Nou, de moeders, die vielen wel mee: koken, wassen, schoenen poetsen.., dat deden ze goed, maar onze beide vaders.., die waren zuur.
’Jongens en meisjes niet onder één dak, want anders...’.
Mijn vader had ook een mooie....’pas op met die feestjes.., jullie feesten véél te vaak..., dat worden straks orgieën.., seksorgieën’
Pas op, kijk uit.., zure opvattingen vonden we dat.
Al wandelend en pratend in de prachtige Soester Duinen hebben Stef en ik besloten dat we onze ouders maar net zo moesten gaan behandelen als in hun uitzichtloze meningen.
Stef besloot mijn vader voortaan per brief om gunsten te vragen.
Zo vroeg hij eens per brief of ik met hem uit mocht gaan en hoe laat hij mij dan weer thuis moest brengen.
Mijn vaders' reactie: ’doe maar een uur of half elf...’.
Stef hévig verontwaardigd: “meneerrrrrr Smit, dat is veeeeeel te vroeg en niet meer van deze tijd... op deze manier blíjft uw dochter haar hele leven een muurbloempje... en dat is dan úw schuld!

In de doos... jawel ik heb nog een briefje gevonden...
21 december, 10.45 uur, afzender Stef v.d.
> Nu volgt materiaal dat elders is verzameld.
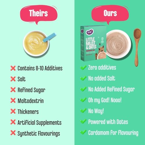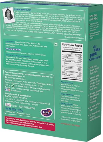 HomeGroceryNutsDatesEarly Foods - No Added Sugar No Salt Porridge - Little Millet Cereal with Dates Porridge Mix | No Preservatives | Kids Cereal | Sweetened with Dates | No Milk Powder 200g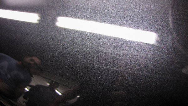 Az alaposan letisztított felületen most már el lehetett kezdeni dolgozni a polírozó szerekkel is. Ilyenkor egy igazán alapos autókozmetikás megméri a kocsi lakkrétegének a vastagságát, mert ha túl sok lemattult lakkot lepolíroz, vagy túl mély karcnak ugrik neki, nagyon gyorsan sok tíz, esetleg százezres kárt okozhat. Éppen ezért nem csak a lakkréteg vastagságát kell figyelni nagyon, de néha érdemes a lakk hőmérsékletét is ellenőrizni. Ugyanis kell a meleg, hogy a lakkréteg teteje szépen kisimuljon, de a túlzásba vitt polírozás miatt még a fémlemezen is gyorsan megéghet a bevonat, hát még egy hőre lágyuló műanyag karosszéria elemen – lásd a korábban emlegetett lökhárító-hűtőrácsot.
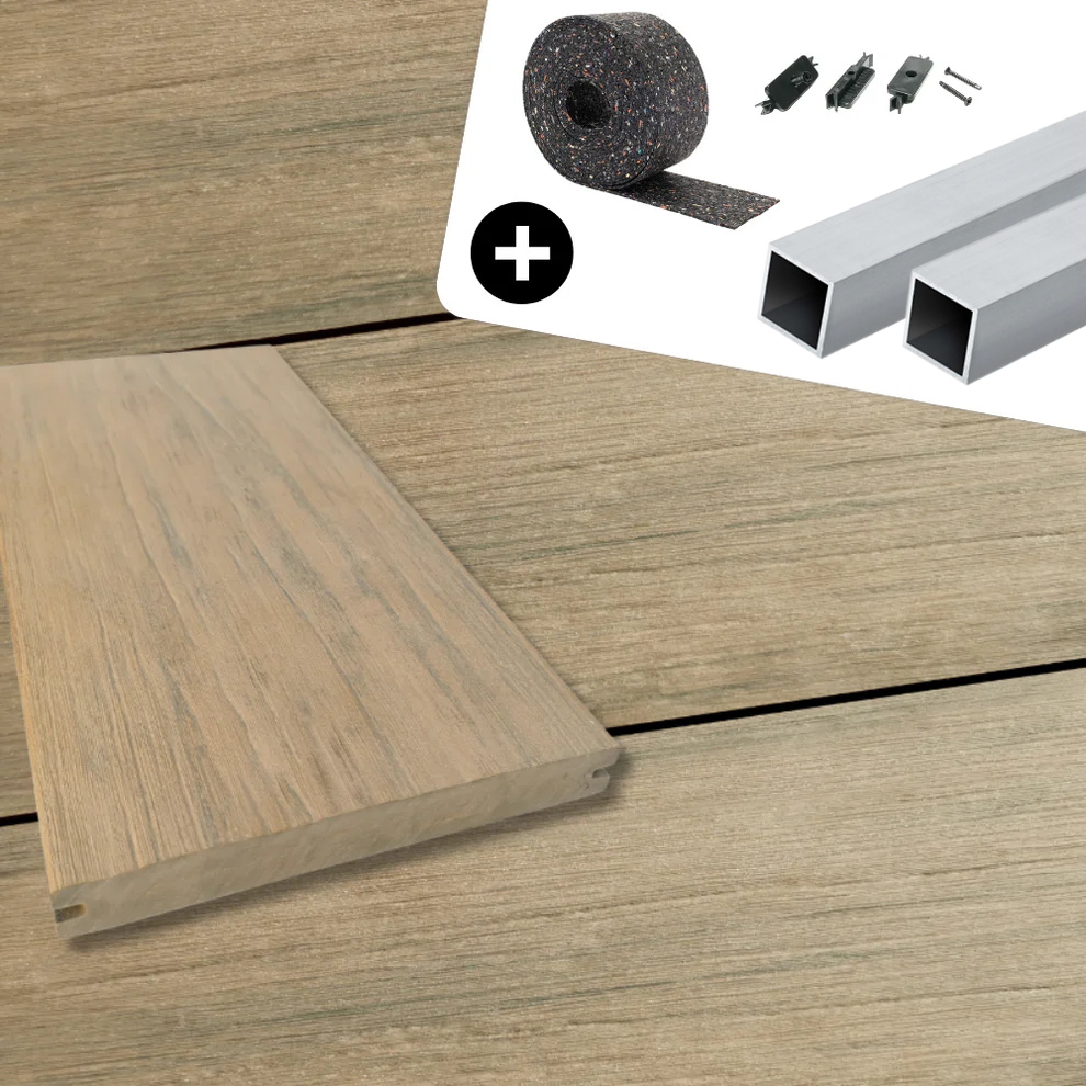 Das Rundum-Sorglos-Paket für deinen Terrassenbau: Pflegeleichtes und langlebiges WPC-Komplettset Muskat Antik Massivdiele

Eynden jr.
























Dinsdag 18 augustus 1970

“ Hééééé, jouw schoenen zijn gepoetst!!!!”
“Ja, dat heeft mijn moeder gedaan”
“........poetst jouw moeder jouw schoenen?”
“......mijn moeder is mijn slaaf!”
“...schop je haar weleens?”

Vakantie voorbij ..., 
Ik ben weer op school.











zondag 5 juli 2009

Hoe onze voornaam ‘VOORNAAM’ werd.

Een verschijnsel wat plaatsvond in de klas was het up- en downgraden van onze namen.
”Hoe heten jullie en waar wonen jullie...”, dat soort kleffe kennismakingspogingen in de kroeg.
Wilma herinnert zich zo’n type die maar niet ophield en uiteindelijk beet Elly hem nors toe ”dat ‘ie op moest rotten”.
Maar de heer liet zich zo niet wegsturen en bleef maar aandringen, ”zeg nou hoe je heet, bla, bla”.
En plotseling maakte Elly zich heel breed (voor zover dat kon), haalde diep adem en zei op ferme toon... ”ik heet Ellis”... en dat is... eh... ”Wilmettes” ... en nou oprotten.
Dat vonden we eigenlijk best goed gekozen, die namen, want wat hadden we toch allemaal gewone, simpele namen.
Daar konden we niets mee, ook niet beroemd worden.
Zo werd Stef ”Steven”, Hennie werd, nadat we zijn papieren ‘gecheckt’ hadden ”Henze J”, dat stond notabene in zijn eigen paspoort, dat ie dat nooit eerder gezien had, wie liet zich toch ”Hennie” noemen?
Tot op de dag van vandaag is hij dus ”Henze".
Ruud, daar konden we niet meer mee dan ”der Rudi”.
Peter moest makkelijker, ”Piet”, dat hoorde ook een beetje bij het soort gasten die hij af en toe te logeren had in die tijd.
Er zullen ongetwijfeld nog meer namen veranderd zijn.
Soms zetten we er ”ens” achter, dat klonk ook.